A 2016 Talent Strategy. I’m not referring to your recruiting budget or how many openings you’re planning to fill. I’m talking about a real process that works to improve your company culture, connects your brand to the job seeking community, and incorporates your long-term business goals. A solid talent strategy addresses the entire staff (all levels and departments), not just senior leaders.

HR teams are not keeping up with business needs. In fact, business leaders and HR respondents themselves continue to give HR borderline failure/barely passing grades. At a time when talent is indisputably a CEO-level issue, this should be setting off alarms in every organization. HR organizations rated their teams the equivalent of a C-minus (an average of 1.65 on a five-point scale) while business leaders rated HR a D-plus (an average of 1.32 on a five-point scale), according to Deloitte’s Global Human Capital Trends 2015.

Since most leaders maintain outdated views of HR, there’s a lack of awareness about what their organizations really need to thrive. As I reflect on some of these issues I’ve seen unfold in the past year, there are definitive themes emerging.

  1. Lackluster training programs

The people that were once effective in their roles haven’t been properly coached or trained to evolve their careers in a way that brings their company to the next level of growth. The average budget for training in the U.S. is extremely low, only compensating for about one week per employee each year.

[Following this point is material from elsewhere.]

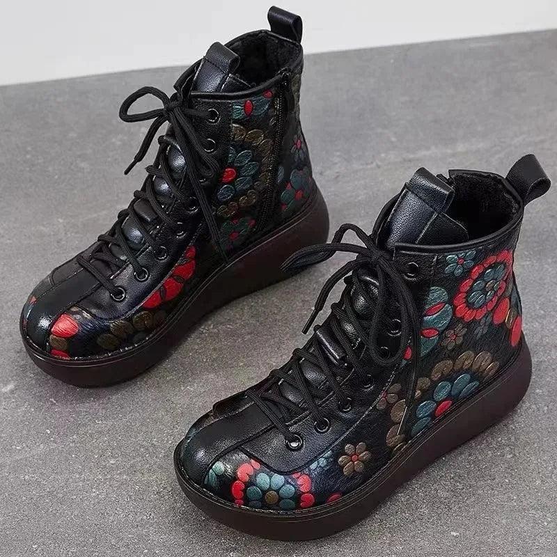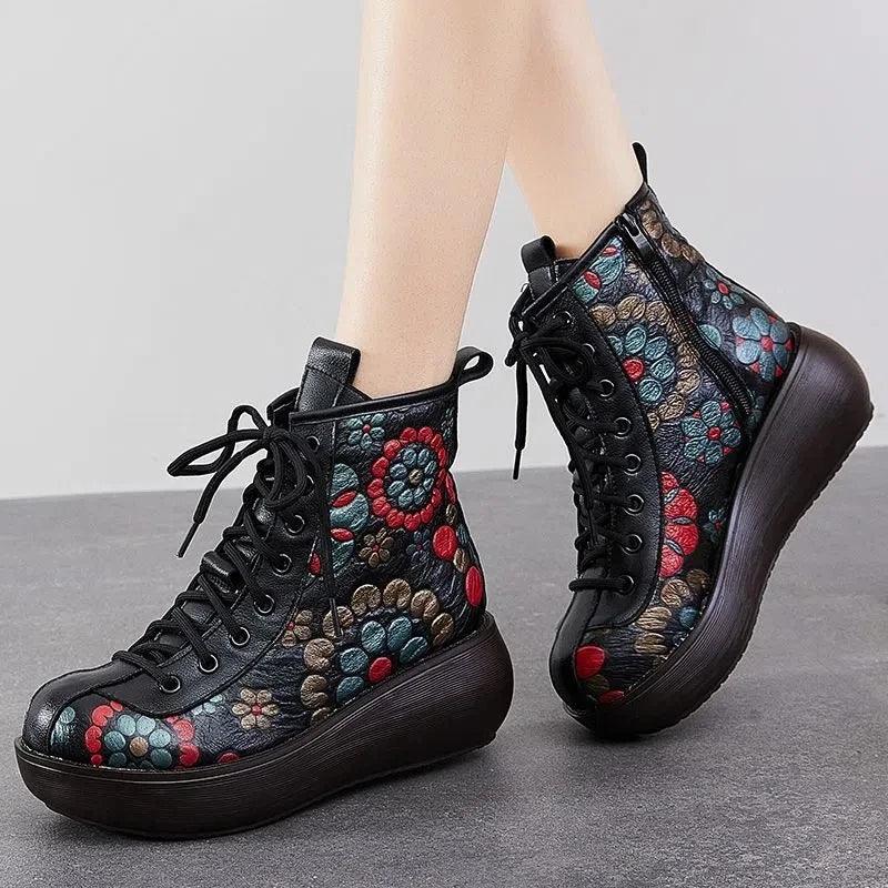 Ces bottines en cuir imprimé arborent un style ethnique captivant, parfait pour ajouter une touche unique à votre tenue. Leur tube de taille moyenne et leur semelle plate garantissent un confort optimal tout au long de la journée. Idéales pour l’automne et l’hiver, ces bottes sont le choix idéal pour les dernières tendances de saison.
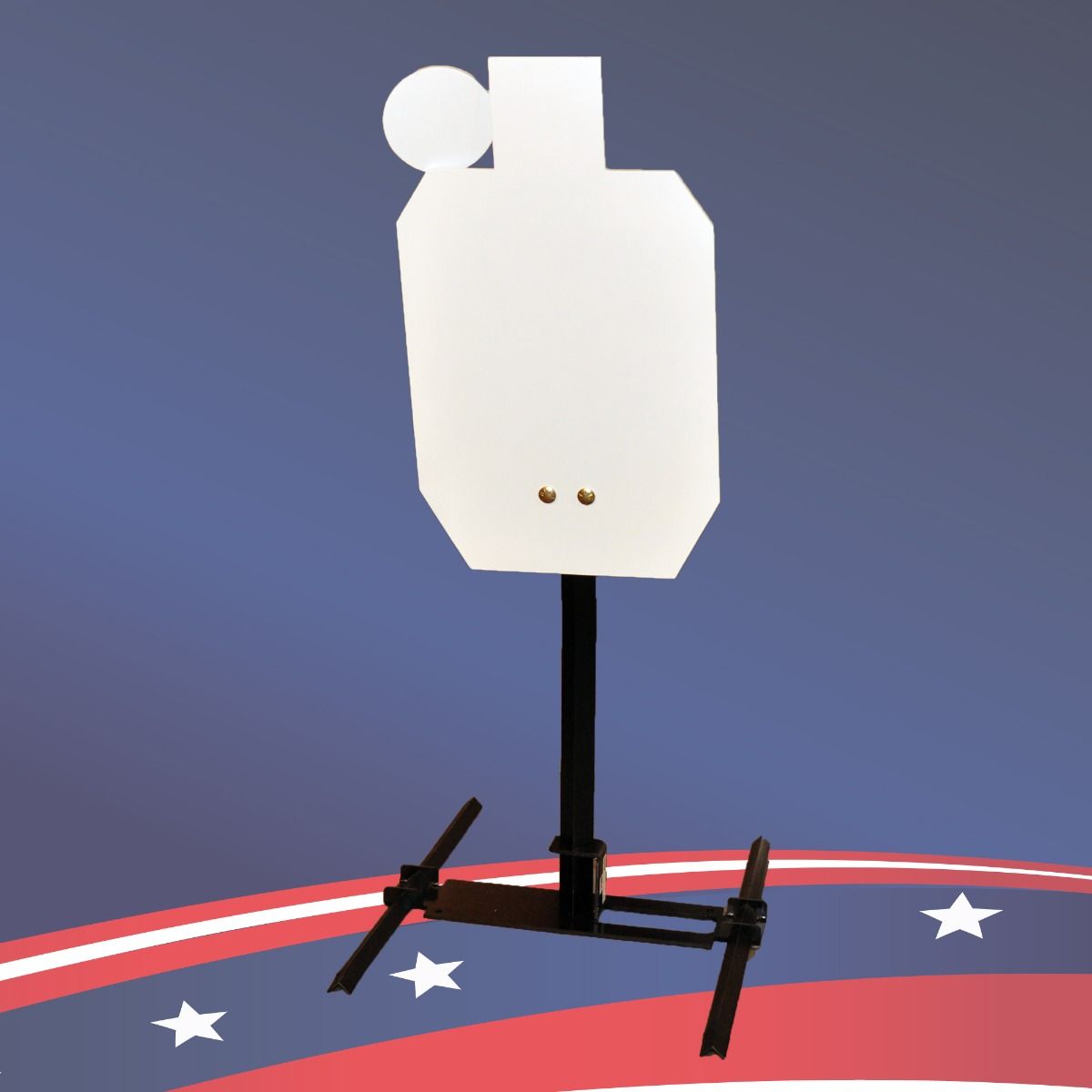 The hostage target full torso has the head of a "bad guy" looking over the shoulder of the "hostage". When hit, the "bad guy" flips from one side to the other side. You can use this target for practice on the hostage stages of a competition where the torso is a no-shoot target, or you can practice your regular body and head shots on the torso section only. The target comes complete with stand and all hardware required. The post fits into a socket on the base, and the torso is bolted to the post with Grade 8 hardened carriage bolts. The target is a Full Size IDPA torso (20 w x 30 h), the hostage head is 6" diameter. The targets are made from 3/8" AR500 steel for extreme long life and excellent impact resistance. Overall size: 24 w x 34 dp x 52 h

  1. Outdated talent acquisition practices

Companies are settling for mediocre talent because they’re dinosaur recruiting methods aren’t reeling in top performers.

  1. Those damn millennials

Tenured leaders are blaming high turnover rates on entitled, finicky millennials. Because the vast majority of organizations don’t understand what motivates this technology-driven generation, they’ve become the scapegoat for skill gaps and unengaged work cultures.

  1. Motivational posters instead of real culture codes

You know what I’m talking about – those cheap posters with cliché platitudes and photo-shopped images of distant landscapes. Employers love plastering them all over HQ but fail to incorporate them into a formalized culture code lived by all team members.

If any of these issues sound familiar, tune into my upcoming podcast with our strategic partner and host, Talent Culture. I’ll be discussing why most employers are falling behind on human capital trends, and what a successful talent brand looks like. What a symbolic time of year to open your mind to new strategies to strengthen your team.

This post was first published on the APA Solutions blog on January 13, 2016.


photo credit: go via photopin (license)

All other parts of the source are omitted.